There's a worrisome secret we all know about communicating on the Internet. We just won't admit it, even to ourselves.
Online communication between humans simply doesn't work.
Hear me out here. How many of you have had the experience of having an online "enemy" of some sort who turned out to be totally different when you met him in person? That you actually began communicating with and even liked?
"Flame wars" are now a part of the culture. Early on in the history of the Web, an apartment complex was wired with what amounted to a complex-wide message board. In no time things degenerated to the point where the police were being called to settle disputes.
Online communication has the highest noise level, in communications terms, of any medium short of CB radio, or so it seems.
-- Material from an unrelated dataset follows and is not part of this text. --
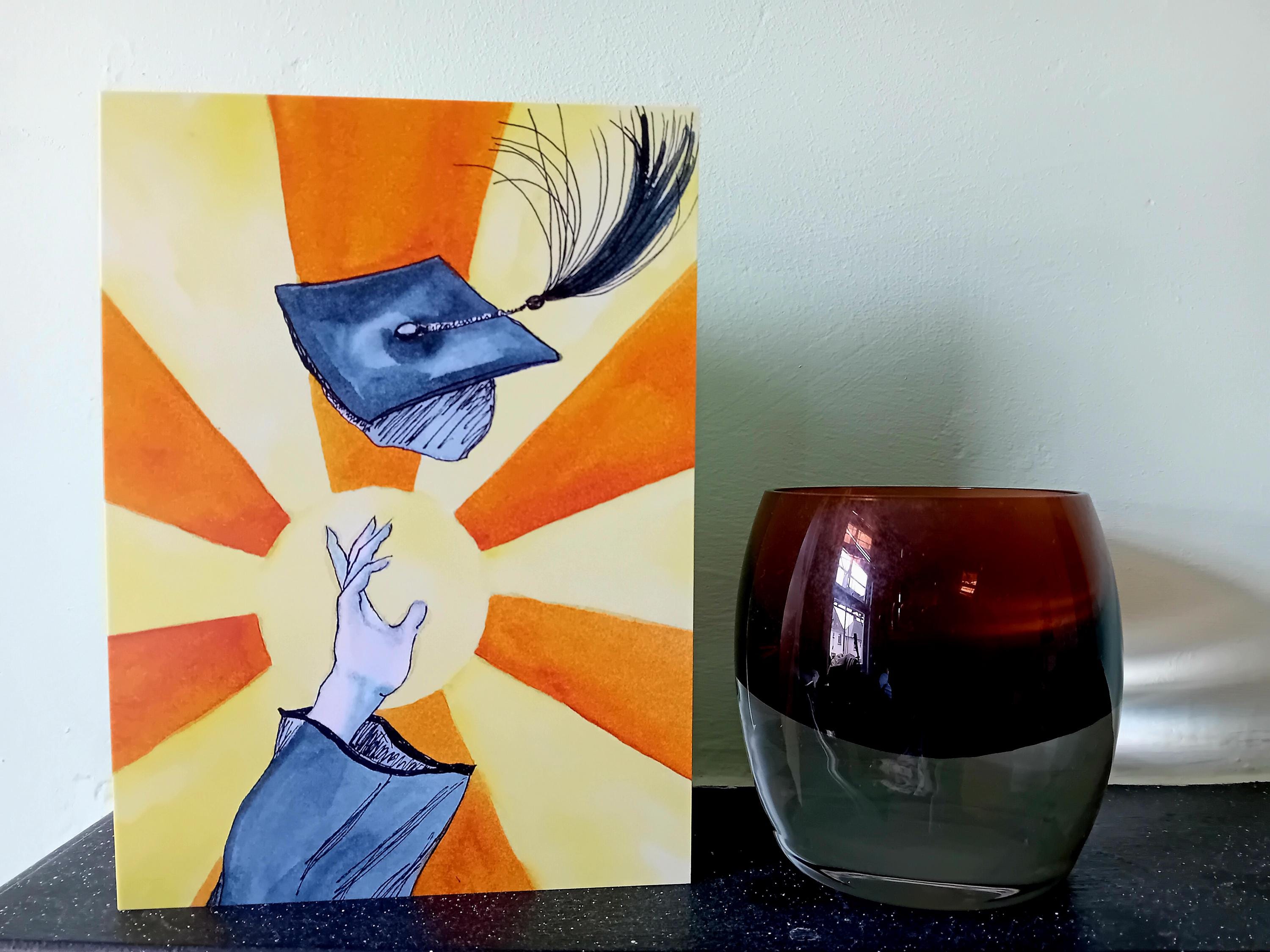 This 'Congratulations!' greetings card is from my watercolour painting of celebrating your degree by tossing your hat up into the air - something every graduate has to do! Perfect for sending your congratulations to anyone special you know who is graduating this year.

Having an intelligent conversation is always a case of getting around the off-topic content. It has always been that way, back to the early days of the Usenet newsgroups.
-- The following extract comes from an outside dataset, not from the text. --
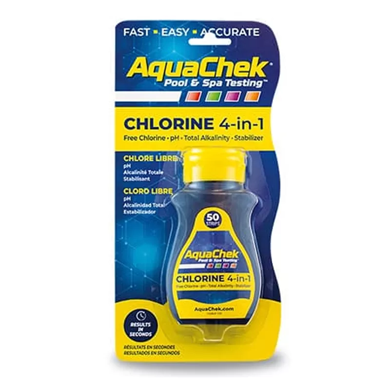 Estas tiras efectuam quatro testes importantes com um único mergulho: cloro livre, pH, alcalinidade total e ácido cianúrico. Estes testes ajudam a manter a água limpa, a prevenir a corrosão e a evitar alterações súbitas do pH.

I am really glad we have the Internet. I love the power it gives us all. But we really need to recognize this very basic boulder in the middle of our electronic highway: the Internet is the equivalent of the poor Babel fish (apologies to Douglas Adams). Paraphrasing Adams, by removing all roadblocks to communications the poor Internet has been responsible for more and louder misunderstandings than anything else in the history of the Universe.
One need look no further than the brushfire between The New Republic and DailyKos to see the communications problems. Heaven forbid these people should all sit down in a room and talk.
The medium's very immediacy is its menace. People can go from a flash of anger to adrenaline in their bloodstream to typing fingers to some flaming message board comment so fast, they don't have time to think it through. Everything is a first draft.
What do we do about it? Not a clue. But we need to always keep it in mind, and we ought to recognize that we have created - out of thin air - a brand-new and very significant source of misunderstanding between us all.